__Exercise requirements__
Your task is to repeat the entries exactly. Leave the pictures out.

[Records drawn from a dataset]
BEGIN
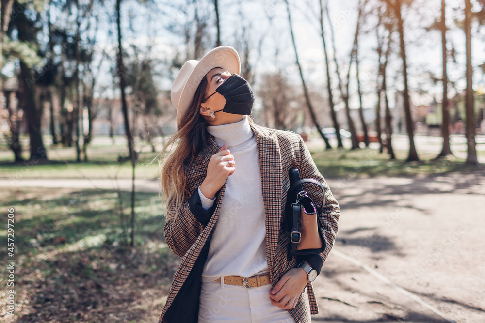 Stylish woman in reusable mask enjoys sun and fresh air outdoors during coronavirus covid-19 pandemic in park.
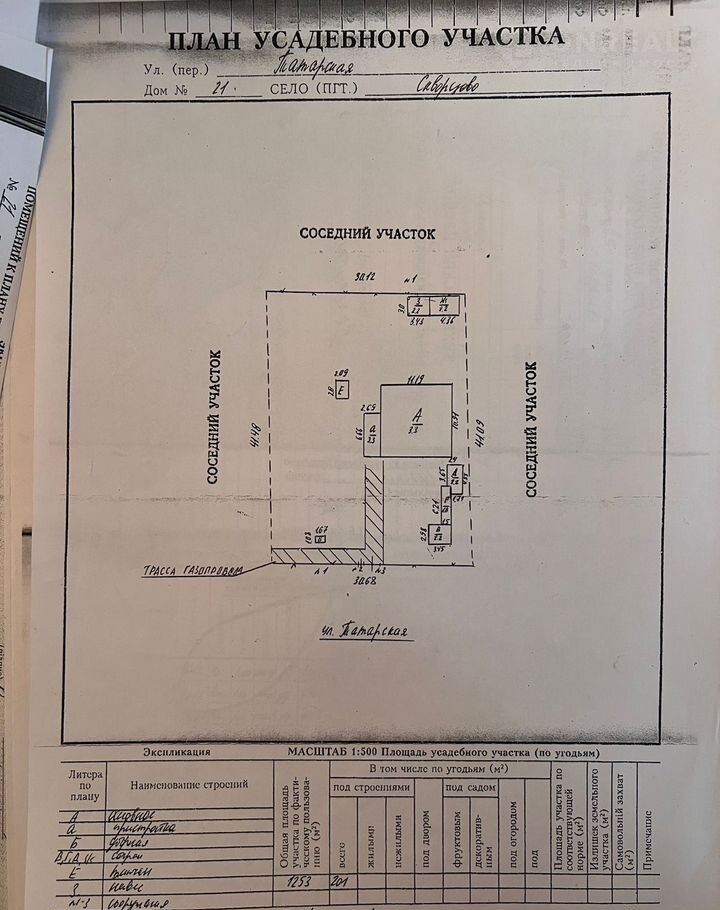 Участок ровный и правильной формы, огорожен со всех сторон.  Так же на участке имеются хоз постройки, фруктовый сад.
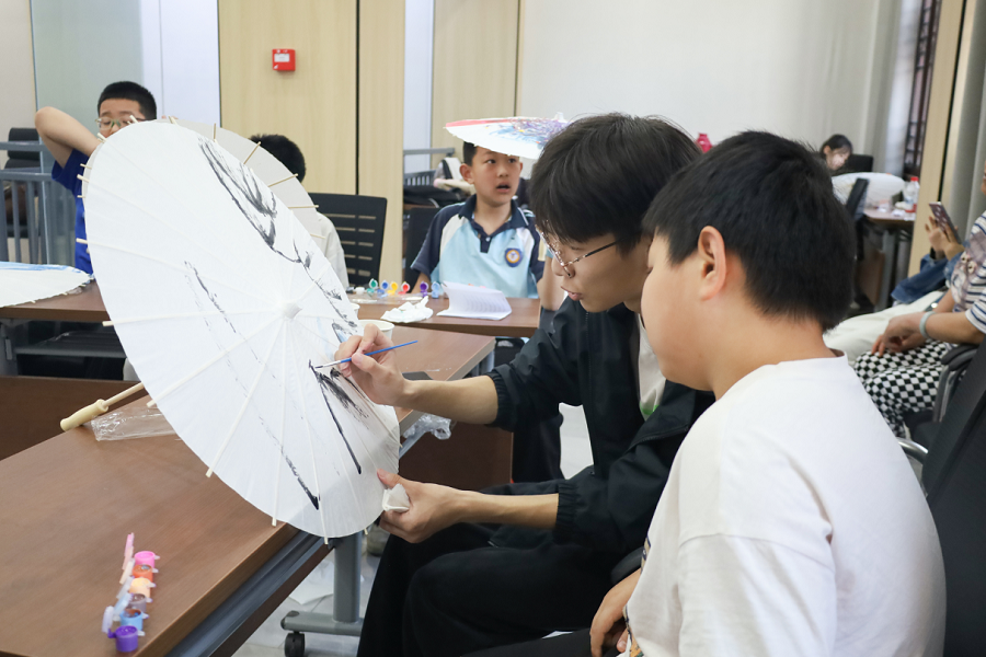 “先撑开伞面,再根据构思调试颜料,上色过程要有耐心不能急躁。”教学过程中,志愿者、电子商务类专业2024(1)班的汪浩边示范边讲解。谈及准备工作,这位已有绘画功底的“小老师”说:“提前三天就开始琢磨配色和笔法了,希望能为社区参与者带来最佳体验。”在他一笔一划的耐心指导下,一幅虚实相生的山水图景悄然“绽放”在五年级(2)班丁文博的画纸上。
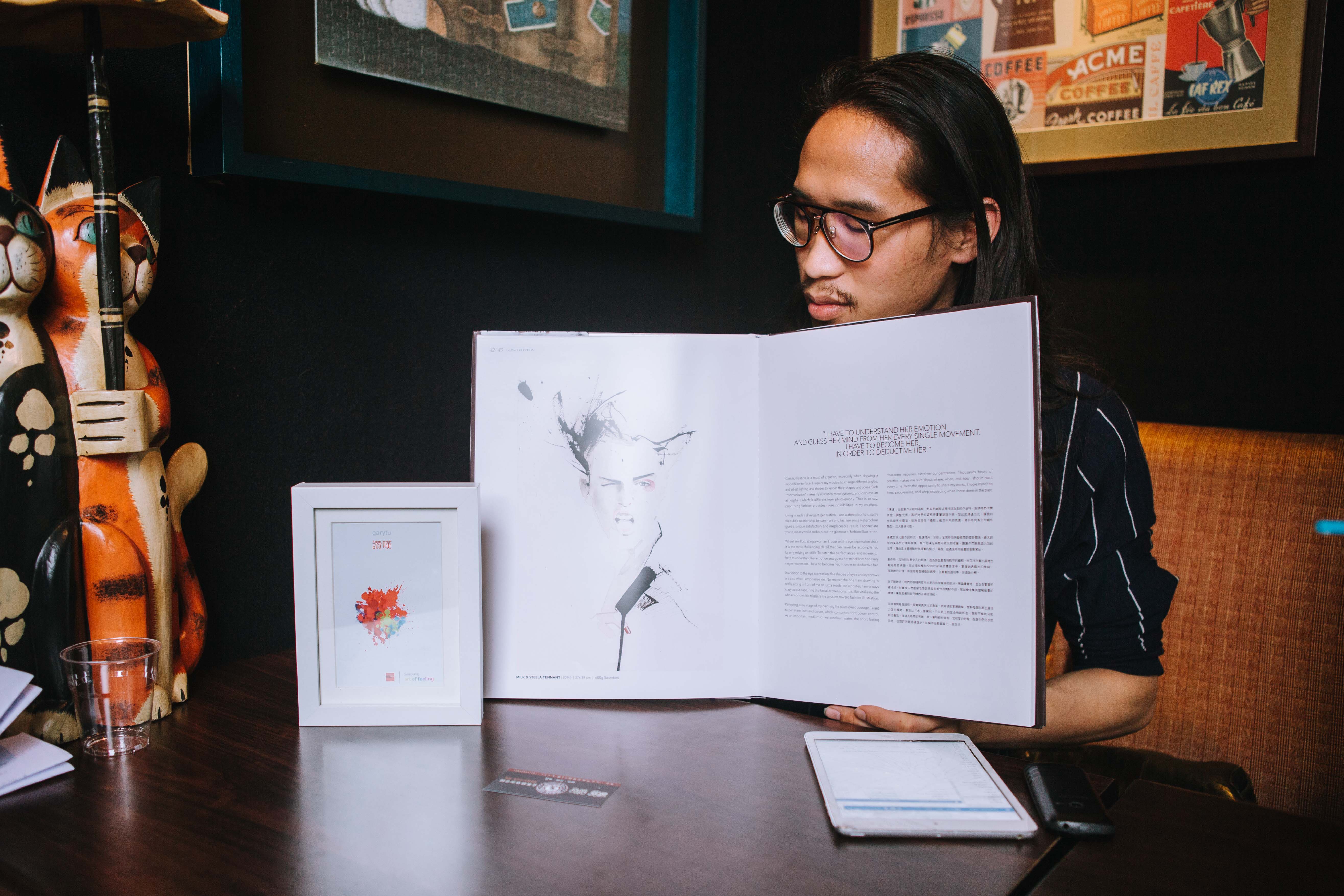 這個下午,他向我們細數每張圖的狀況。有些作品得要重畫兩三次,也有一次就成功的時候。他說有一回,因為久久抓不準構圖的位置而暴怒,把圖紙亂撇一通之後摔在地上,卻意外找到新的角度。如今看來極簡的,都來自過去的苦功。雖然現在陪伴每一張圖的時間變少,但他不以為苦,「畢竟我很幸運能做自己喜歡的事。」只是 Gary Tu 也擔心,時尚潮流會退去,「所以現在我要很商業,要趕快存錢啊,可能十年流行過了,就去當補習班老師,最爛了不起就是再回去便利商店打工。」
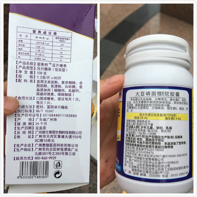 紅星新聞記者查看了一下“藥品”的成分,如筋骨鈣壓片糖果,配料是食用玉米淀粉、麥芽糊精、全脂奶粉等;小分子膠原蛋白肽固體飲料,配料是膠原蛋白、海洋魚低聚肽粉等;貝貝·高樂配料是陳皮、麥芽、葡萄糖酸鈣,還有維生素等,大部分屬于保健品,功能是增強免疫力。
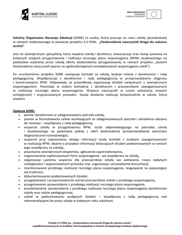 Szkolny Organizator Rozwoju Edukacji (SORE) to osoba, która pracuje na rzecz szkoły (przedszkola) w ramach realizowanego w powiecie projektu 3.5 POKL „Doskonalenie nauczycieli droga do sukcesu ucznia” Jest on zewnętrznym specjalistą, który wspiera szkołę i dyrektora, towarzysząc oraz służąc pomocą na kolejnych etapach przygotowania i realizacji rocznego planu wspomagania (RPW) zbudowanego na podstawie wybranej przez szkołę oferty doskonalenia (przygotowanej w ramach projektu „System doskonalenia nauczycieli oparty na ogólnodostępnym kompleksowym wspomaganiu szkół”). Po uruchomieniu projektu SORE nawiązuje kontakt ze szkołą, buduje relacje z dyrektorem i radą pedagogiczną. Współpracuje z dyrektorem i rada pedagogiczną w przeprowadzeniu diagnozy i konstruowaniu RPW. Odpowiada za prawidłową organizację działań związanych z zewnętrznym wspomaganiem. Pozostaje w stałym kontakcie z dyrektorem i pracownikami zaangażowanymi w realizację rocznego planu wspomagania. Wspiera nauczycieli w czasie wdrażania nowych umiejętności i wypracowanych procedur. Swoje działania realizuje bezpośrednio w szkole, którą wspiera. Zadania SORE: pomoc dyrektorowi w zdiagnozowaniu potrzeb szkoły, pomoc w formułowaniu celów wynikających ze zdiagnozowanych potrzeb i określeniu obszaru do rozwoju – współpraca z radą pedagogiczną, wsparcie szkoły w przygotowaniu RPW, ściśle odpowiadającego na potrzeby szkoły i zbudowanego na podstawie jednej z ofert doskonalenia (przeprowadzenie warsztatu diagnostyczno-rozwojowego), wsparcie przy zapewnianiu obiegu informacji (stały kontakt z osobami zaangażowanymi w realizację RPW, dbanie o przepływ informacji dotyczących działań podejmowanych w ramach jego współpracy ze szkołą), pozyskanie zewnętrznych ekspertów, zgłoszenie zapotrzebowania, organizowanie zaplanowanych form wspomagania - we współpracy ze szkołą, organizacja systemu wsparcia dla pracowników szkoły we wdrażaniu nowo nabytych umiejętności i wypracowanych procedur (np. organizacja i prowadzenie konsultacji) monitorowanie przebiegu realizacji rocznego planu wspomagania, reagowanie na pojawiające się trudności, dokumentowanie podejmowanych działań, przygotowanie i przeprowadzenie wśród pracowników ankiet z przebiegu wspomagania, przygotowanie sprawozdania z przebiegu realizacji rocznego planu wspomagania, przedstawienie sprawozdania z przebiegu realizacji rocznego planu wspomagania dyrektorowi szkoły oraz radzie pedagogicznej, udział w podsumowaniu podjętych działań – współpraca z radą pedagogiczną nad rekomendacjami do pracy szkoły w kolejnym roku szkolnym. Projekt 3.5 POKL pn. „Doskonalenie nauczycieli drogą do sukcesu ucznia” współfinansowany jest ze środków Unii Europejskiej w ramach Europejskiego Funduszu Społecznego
END
__Answer below__
 Stylish woman in reusable mask enjoys sun and fresh air outdoors during coronavirus covid-19 pandemic in park.
 Участок ровный и правильной формы, огорожен со всех сторон.  Так же на участке имеются хоз постройки, фруктовый сад.
 “先撑开伞面,再根据构思调试颜料,上色过程要有耐心不能急躁。”教学过程中,志愿者、电子商务类专业2024(1)班的汪浩边示范边讲解。谈及准备工作,这位已有绘画功底的“小老师”说:“提前三天就开始琢磨配色和笔法了,希望能为社区参与者带来最佳体验。”在他一笔一划的耐心指导下,一幅虚实相生的山水图景悄然“绽放”在五年级(2)班丁文博的画纸上。
 這個下午,他向我們細數每張圖的狀況。有些作品得要重畫兩三次,也有一次就成功的時候。他說有一回,因為久久抓不準構圖的位置而暴怒,把圖紙亂撇一通之後摔在地上,卻意外找到新的角度。如今看來極簡的,都來自過去的苦功。雖然現在陪伴每一張圖的時間變少,但他不以為苦,「畢竟我很幸運能做自己喜歡的事。」只是 Gary Tu 也擔心,時尚潮流會退去,「所以現在我要很商業,要趕快存錢啊,可能十年流行過了,就去當補習班老師,最爛了不起就是再回去便利商店打工。」
 紅星新聞記者查看了一下“藥品”的成分,如筋骨鈣壓片糖果,配料是食用玉米淀粉、麥芽糊精、全脂奶粉等;小分子膠原蛋白肽固體飲料,配料是膠原蛋白、海洋魚低聚肽粉等;貝貝·高樂配料是陳皮、麥芽、葡萄糖酸鈣,還有維生素等,大部分屬于保健品,功能是增強免疫力。
 Szkolny Organizator Rozwoju Edukacji (SORE) to osoba, która pracuje na rzecz szkoły (przedszkola) w ramach realizowanego w powiecie projektu 3.5 POKL „Doskonalenie nauczycieli droga do sukcesu ucznia” Jest on zewnętrznym specjalistą, który wspiera szkołę i dyrektora, towarzysząc oraz służąc pomocą na kolejnych etapach przygotowania i realizacji rocznego planu wspomagania (RPW) zbudowanego na podstawie wybranej przez szkołę oferty doskonalenia (przygotowanej w ramach projektu „System doskonalenia nauczycieli oparty na ogólnodostępnym kompleksowym wspomaganiu szkół”). Po uruchomieniu projektu SORE nawiązuje kontakt ze szkołą, buduje relacje z dyrektorem i radą pedagogiczną. Współpracuje z dyrektorem i rada pedagogiczną w przeprowadzeniu diagnozy i konstruowaniu RPW. Odpowiada za prawidłową organizację działań związanych z zewnętrznym wspomaganiem. Pozostaje w stałym kontakcie z dyrektorem i pracownikami zaangażowanymi w realizację rocznego planu wspomagania. Wspiera nauczycieli w czasie wdrażania nowych umiejętności i wypracowanych procedur. Swoje działania realizuje bezpośrednio w szkole, którą wspiera. Zadania SORE: pomoc dyrektorowi w zdiagnozowaniu potrzeb szkoły, pomoc w formułowaniu celów wynikających ze zdiagnozowanych potrzeb i określeniu obszaru do rozwoju – współpraca z radą pedagogiczną, wsparcie szkoły w przygotowaniu RPW, ściśle odpowiadającego na potrzeby szkoły i zbudowanego na podstawie jednej z ofert doskonalenia (przeprowadzenie warsztatu diagnostyczno-rozwojowego), wsparcie przy zapewnianiu obiegu informacji (stały kontakt z osobami zaangażowanymi w realizację RPW, dbanie o przepływ informacji dotyczących działań podejmowanych w ramach jego współpracy ze szkołą), pozyskanie zewnętrznych ekspertów, zgłoszenie zapotrzebowania, organizowanie zaplanowanych form wspomagania - we współpracy ze szkołą, organizacja systemu wsparcia dla pracowników szkoły we wdrażaniu nowo nabytych umiejętności i wypracowanych procedur (np. organizacja i prowadzenie konsultacji) monitorowanie przebiegu realizacji rocznego planu wspomagania, reagowanie na pojawiające się trudności, dokumentowanie podejmowanych działań, przygotowanie i przeprowadzenie wśród pracowników ankiet z przebiegu wspomagania, przygotowanie sprawozdania z przebiegu realizacji rocznego planu wspomagania, przedstawienie sprawozdania z przebiegu realizacji rocznego planu wspomagania dyrektorowi szkoły oraz radzie pedagogicznej, udział w podsumowaniu podjętych działań – współpraca z radą pedagogiczną nad rekomendacjami do pracy szkoły w kolejnym roku szkolnym. Projekt 3.5 POKL pn. „Doskonalenie nauczycieli drogą do sukcesu ucznia” współfinansowany jest ze środków Unii Europejskiej w ramach Europejskiego Funduszu Społecznego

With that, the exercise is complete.